We play the Slovaks. Man, they were fast last night against the Swedes. Where has that Pavol Demitra been for _my _team?
I'm still not sold on the US team, that game v. Finland could be a toss-up.


----------



## keto (May 23, 2006)

Czechs = Slovaks, please pardon my semantics


----------



## hollowbody (Jan 15, 2008)

If Canada can own the boards like that in the next two games, gold shouldn't be too far-fetched. Though I'm glad Brodeur sat this game out, Bobby Lou didn't inspire that much confidence. Canada just brought a rocket-launcher to a gunfight and was able to outscore and outcheck Russia. I'll have to see a couple highlight-reel saves before I really start believing. I think there was one pretty good save, but that was balanced-out by the shot from the point that Luongo didn't see or stop. The whole point of putting Luongo in was that a big butterfly goalie would be able to stop those shots that he can't see through traffic. Oh well.


----------



## puckhead (Sep 8, 2008)

hollowbody said:


> If Canada can own the boards like that in the next two games, gold shouldn't be too far-fetched. Though I'm glad Brodeur sat this game out, Bobby Lou didn't inspire that much confidence. Canada just brought a rocket-launcher to a gunfight and was able to outscore and outcheck Russia. I'll have to see a couple highlight-reel saves before I really start believing. I think there was one pretty good save, but that was balanced-out by the shot from the point that Luongo didn't see or stop. The whole point of putting Luongo in was that a big butterfly goalie would be able to stop those shots that he can't see through traffic. Oh well.

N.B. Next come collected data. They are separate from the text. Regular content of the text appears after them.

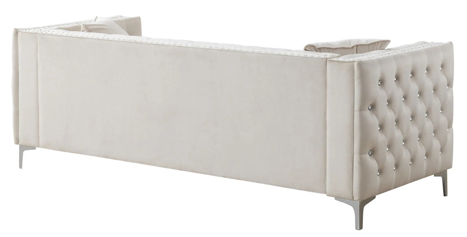 Designed for everyday lounging and elegant entertaining, Paige features deep button tufting with faux-diamond accents and polished stud detailing along the arms for a luxe, tailored look. Its unique KD (knock‑down) design lets the sofa be delivered into tighter rooms and narrow stairwells, then set up in place — a practical touch that keeps installation simple without compromising on presence.
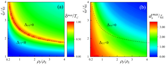 In Figure 4a, the color palette shows the values of the parameter as a function of the and ratios. The red color corresponds to the maximum values of . The blue color corresponds to the minimum values. The dashed curve divides the plane of the parameters and into two regions. In the upper-right corner above this curve, the values are positive. Below this curve they are negative.
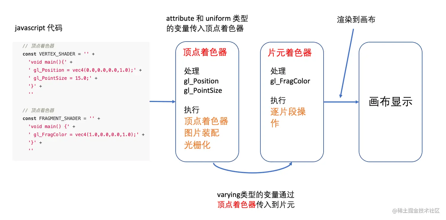 像 attribute 这个变量之前我们就用到过,用来设置了顶点的位置和大小。 回顾一下
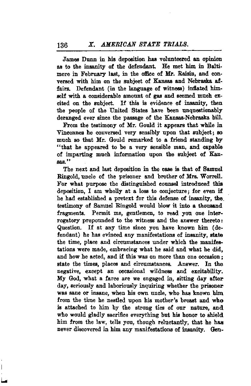 The next and last deposition in the case is that of Samuel Ringold, uncle of the prisoner and brother of Mrs. Worrell. For what purpose the distinguished counsel introduced this deposition, I am wholly at a loss to conjecture; for even if he had established a pretext for this defense of insanity, the testimony of Samuel Ringold would blow it into a thousand fragments. Permit me, gentlemen, to read you one interrogatory propounded to the witness and the answer thereto:

Luongo 1.67 GAA, 92.42 save%
Brodeur 2.90 GAA, 86.67 save%

Lou made some big saves at important times. 
He definitely wasn't as busy as I had feared he would be.


----------



## zontar (Oct 25, 2007)

They can't be too high from the win either next game, or look to the Gold medal game.

If they keep their heads they should win, but a solid defensive effort will be needed.


----------



## Chito (Feb 17, 2006)

fraser said:


> theres hockey at the olympics?


there's olympics in hockey?


----------



## puckhead (Sep 8, 2008)

I'd like to officially say that I underestimated the US team going into the tourney.
they are just laying the boots to the Fins.


----------



## bolero (Oct 11, 2006)

man, that was too close...the had it wrapped up @3-0, got complacent & BAM in the last few minutes


they better up their game against the US, or else we're gonna get steamrollered


----------



## zontar (Oct 25, 2007)

bolero said:


> man, that was too close...the had it wrapped up @3-0, got complacent & BAM in the last few minutes
> 
> 
> they better up their game against the US, or else we're gonna get steamrollered


Yeah they did, but blew a 2 goal lead.

On the other hand you could look at it this way.

They didn't play their best and still won.
Imagine that team with more time to gel...


----------